AI is not Healthcare’s Magic Bullet
A critically ill ICU patient deteriorates while the hospital’s AI model stays silent. Later, researchers find it missed two-thirds of patient declines.
A critically ill patient in the intensive care unit (ICU) takes a turn for the worse. The first changes are subtle changes in vital signs and lab values. Then, the patient crashes.
The hospital had deployed an artificial intelligence (AI) model that was supposed to predict the kind of clinical deterioration that happened here. But this time, the AI stayed silent.
Later, independent researchers ran simulations where the model missed two-thirds of similar patients declining.
In this article, I discuss why this type of predictive model failed so spectacularly, and more importantly, the questions you can ask before making the decision to employ an AI model in the healthcare setting.
Why Some Healthcare AI Projects Are Doomed from the Start
In our example with the ICU patient above, we might be quick to blame the AI model for being faulty. However, the real issue came from implementing AI in a setting where its strengths don’t shine.
Pattern recognition is one of artificial intelligence’s greatest strengths. AI succeeds at handling narrow tasks where the parameters are well-defined and variation in data is relatively low.
This mismatch leads to the core problem with many healthcare AI projects: medicine does not deal in averages. In contrast, the highest stakes appear in edge cases, such as a rare complication or the one-in-a-thousand clinical presentation.
If an AI tool works for the “typical” patient presentation but fails with an outlier, it becomes worse than useless. Every patient can be an outlier in their own unique way.
The key takeaway here is that not every problem is suited for AI. Human judgement always needs to be there for the extreme cases.
What Healthcare Problems Can Be Solved by AI?
Ambient AI, also known as AI medical scribes, are a use case where AI can be successfully employed in healthcare. This technology listens to conversations between doctors and patients, then helps generates a note to go in the patient’s medical record.
As previously discussed, the technology has the potential for risk if used carelessly. However, with the proper guardrails in place, ambient AI can save doctors hours of time charting.
What makes ambient AI different from an AI model predicting the deterioration of ICU patients?
The problem is bounded, repetitive, and error-tolerant.
Bounded means that the task is clearly identified: listen to a conversation at an appointment and summarize it.

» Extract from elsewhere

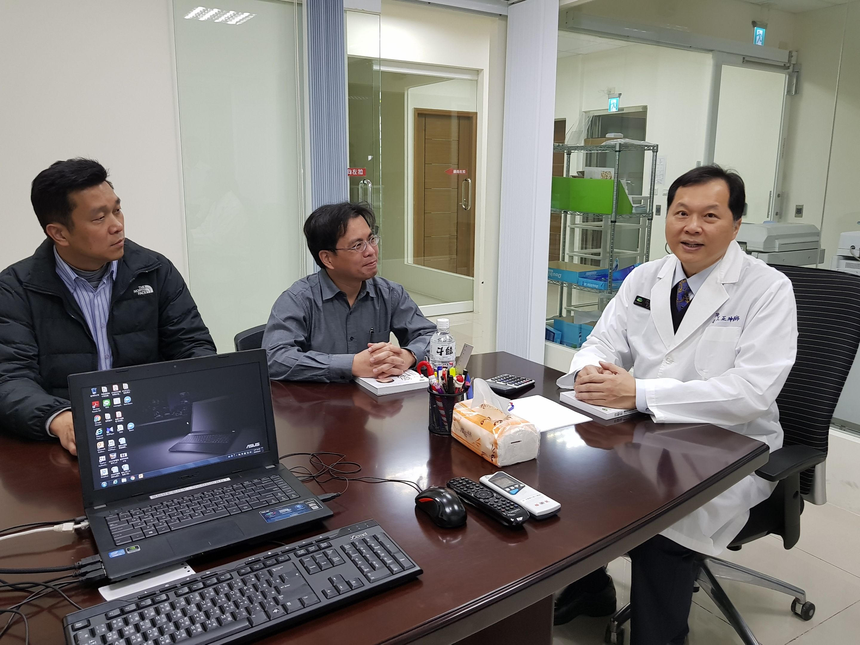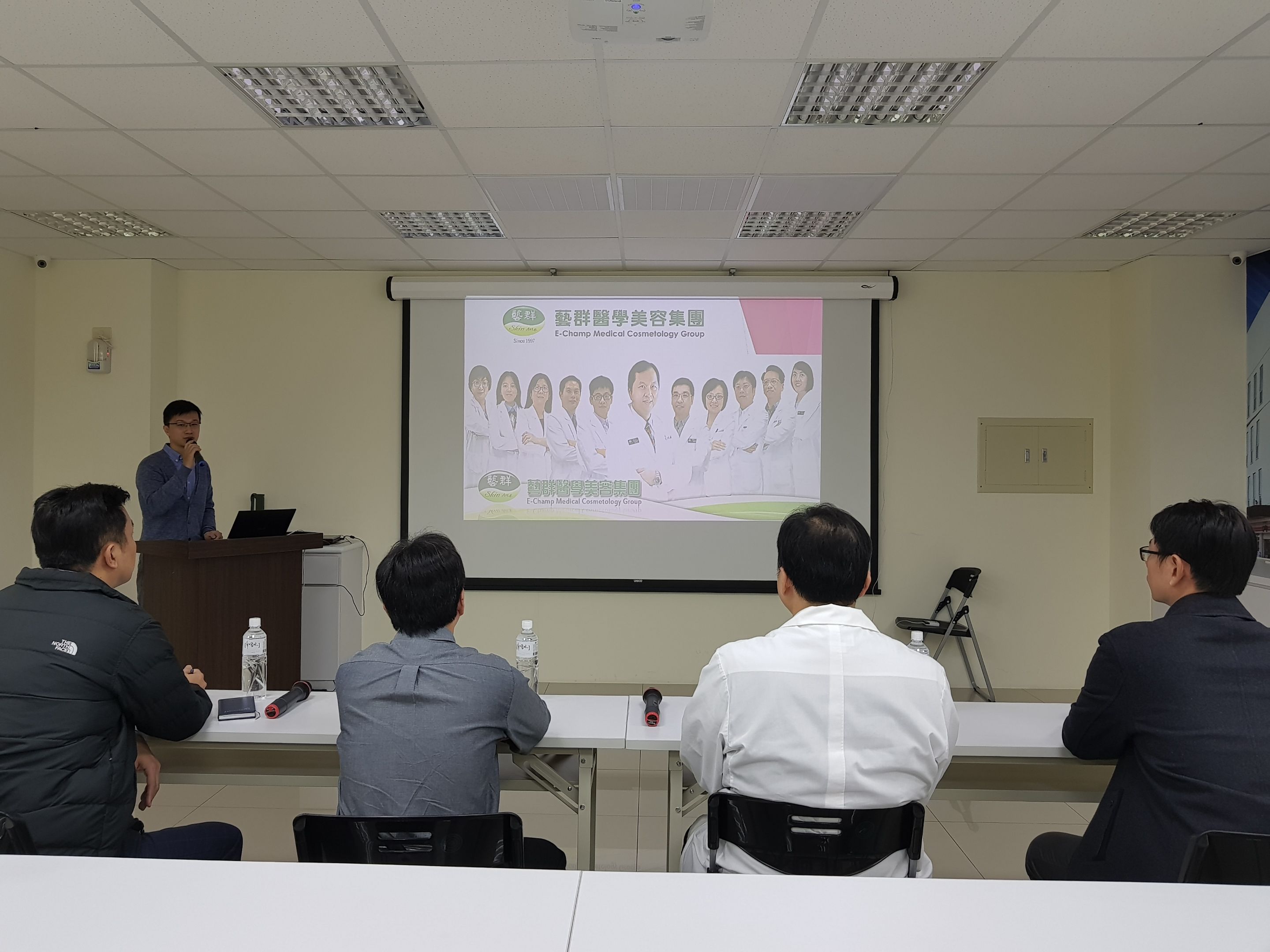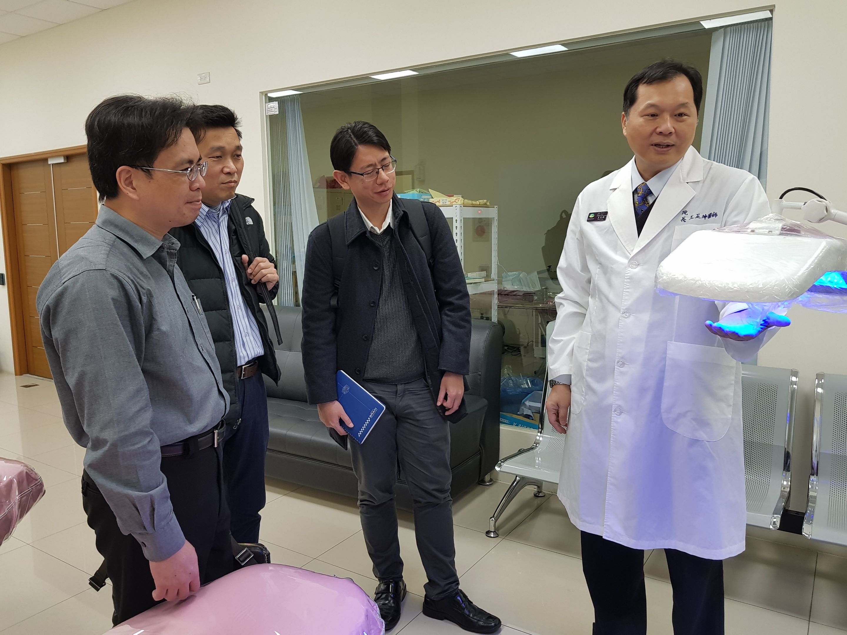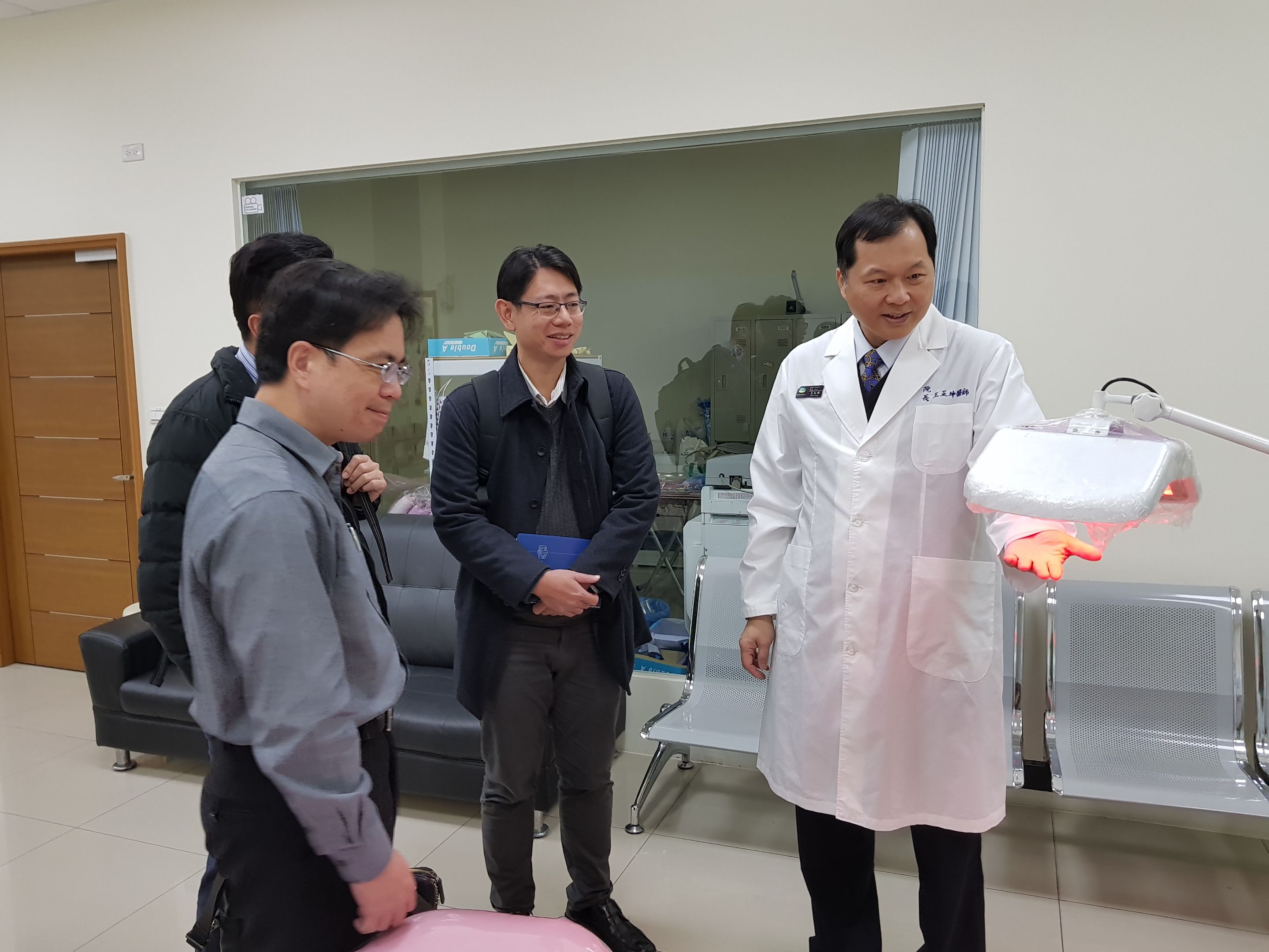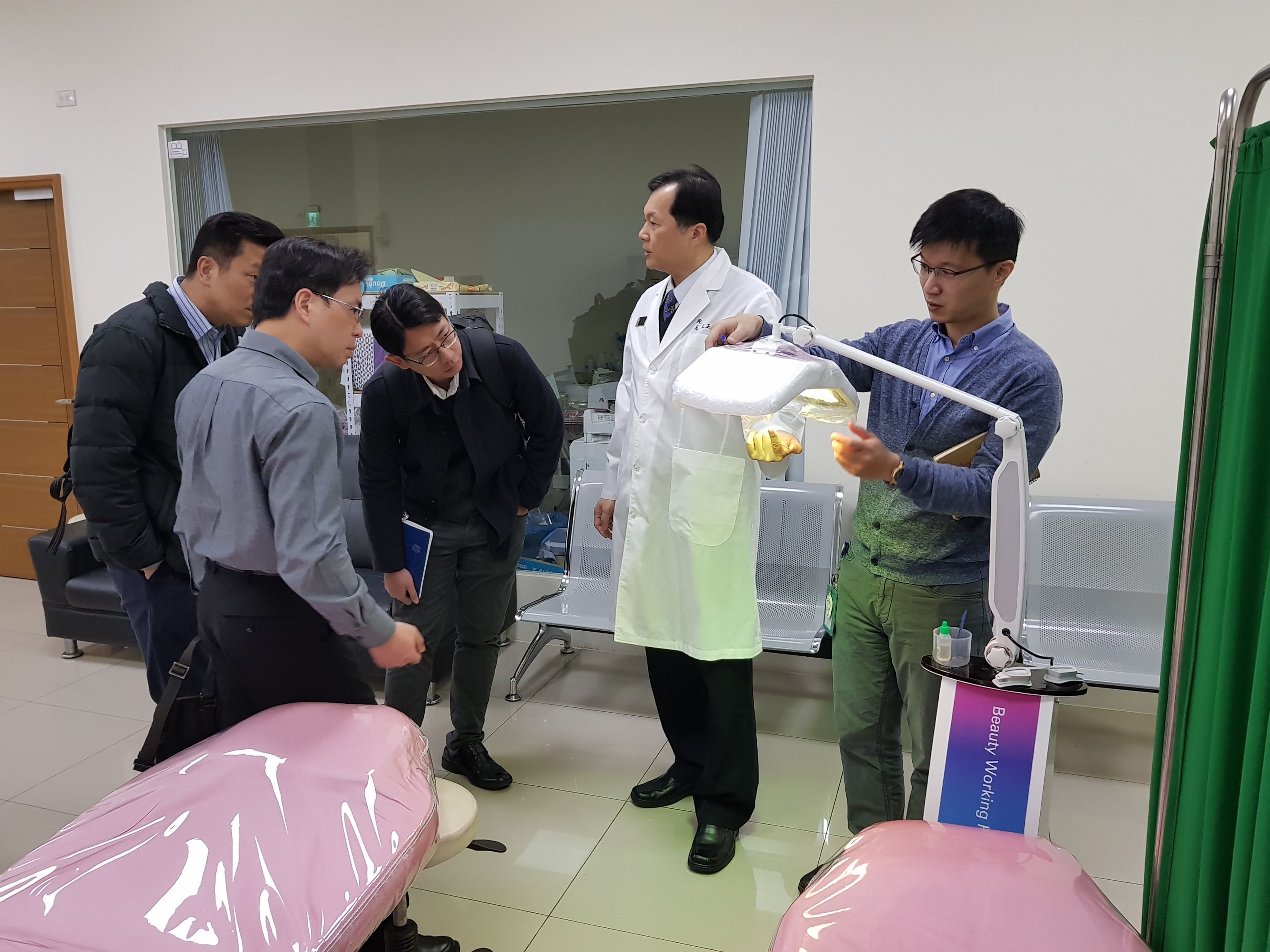 交通大學影像與生醫光電研究所林伯昰教授與晶元光電公司兩位研發處長,拜訪中華民國醫用雷射光電學會前理事長王正坤醫師,參觀藝群皮膚科診所多種雷射光電設備,試圖由醫師端與消費者端,發展台灣雷射光電產業。

The task is repetitive because the same thing is happening each time (more or less). Contrast with a critically ill patient who can have worsening health in a thousand different ways (some which the model may not have trained on).
And finally, ambient AI is error-tolerant because the physician can review the AI-generated note and correct and mistakes before submitting it. If the ICU model makes a mistake, a patient can die.
The Litmus Test: 4 Questions to Ask Before Using AI in Healthcare
Is the problem bounded and structured? Transcribing a conversation is bounded. Predicting every possible form of clinical deterioration is not.
Can success be measured clearly? “Reduced documentation time by 50%” is measurable. “Better outcomes” without a clear endpoint is not.
Is the data reliable and representative for the patient population? AI trained only on common patterns will miss outliers, and in medicine, outliers are often the cases which matter most.
Are error tolerances aligned with the stakes? An AI model mishearing one sentence in a conversation is more acceptable than missing one in ten deteriorating patients.
Conclusion
AI can be a powerful healthcare tool but only if used for the right kinds of problems.
It thrives when the tasks are narrow, repetitive, and forgiving of small errors. It often fails when asked to master the messy, high-stakes edge cases that define so much of practicing medicine.
Healthcare leaders shouldn’t chase every lofty AI promise. They need to ask insightful questions from the start: Is the problem structured, can we clearly measure success, is the data representative, and are the stakes realistic for the error potential?
Because in healthcare, the averages were already easy; it’s the margins that matter the most. And if AI can’t handle the margins, it’s the wrong tool for the job.